Say my probability space is $(\Omega, \mathcal F, \mathbb P)$. Now when my $\Omega$ has sequences of finite coin tosses, I can understand that I can draw the brownian motion based upon $Head/Tail$. For example, if $\omega=HH$, then my brownian path would be two upmoves (say). Now say $\Omega$ consists of infnite toss sequences. Now the only way I can get $W(t)$ is by sampling from normal distribution having variance $t$. Because for $t=1$, and for $t=2$, both consist of infinite sequences, and only way out is to sample from corresponding normal distribution with variance $1$ and $2$ respectively!
Now my question is, say we want to place a restraint on brownian motion, $W(t)$, to be less than , say $[0, 0.5]$. Now it corresponds to certain set $A \in \mathcal F$. Now this set $A$ has many elements in it, and each element corresponds to different Brownian motion. Now if I have certain variable $X(t, W)$, and we want to estimate this variable at time $t$, then what I think is logical is to average the variable $X$ over all browinan paths containing in set $A$.

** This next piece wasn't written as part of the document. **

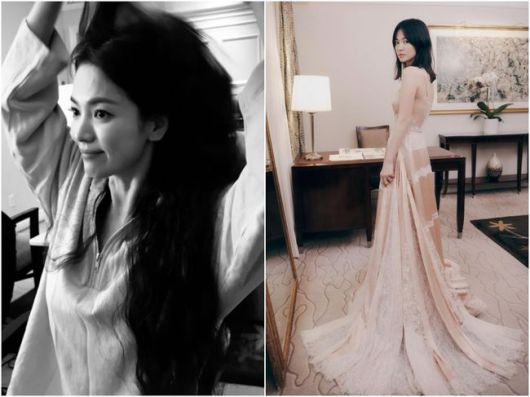 이날 송혜교는 전에 본 적 없는 히메컷과 우아함과 섹시한 매력이 겸비된 누드톤 드레스를 선보였다.
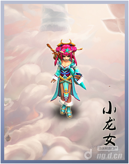 【小龙女】身为老龙王的掌上明珠,在水族中可谓是万千宠爱于一身,想学什么便自然有老师站出来教授,所以通晓各种法术,但最擅长的还是用一柄宝剑,攻击敌方纵排。小龙女虽年少力微,但天生聪颖,所学的招式法术威力都能青出于蓝。

Am I right in my thinking above?
Also a side question, if $\Omega$ is a Borel set on $\mathcal R$, then how do I map a borel set to brownian path. In case of infinite toss sequences, I can understand I have the toss, and I can simulate the path. But with Borel set, how can I draw the Brownian path? For example if $\omega=[1, 1.2]$, then how this closed set maps to a Brownian path?
Any clue would be greatly appreciated.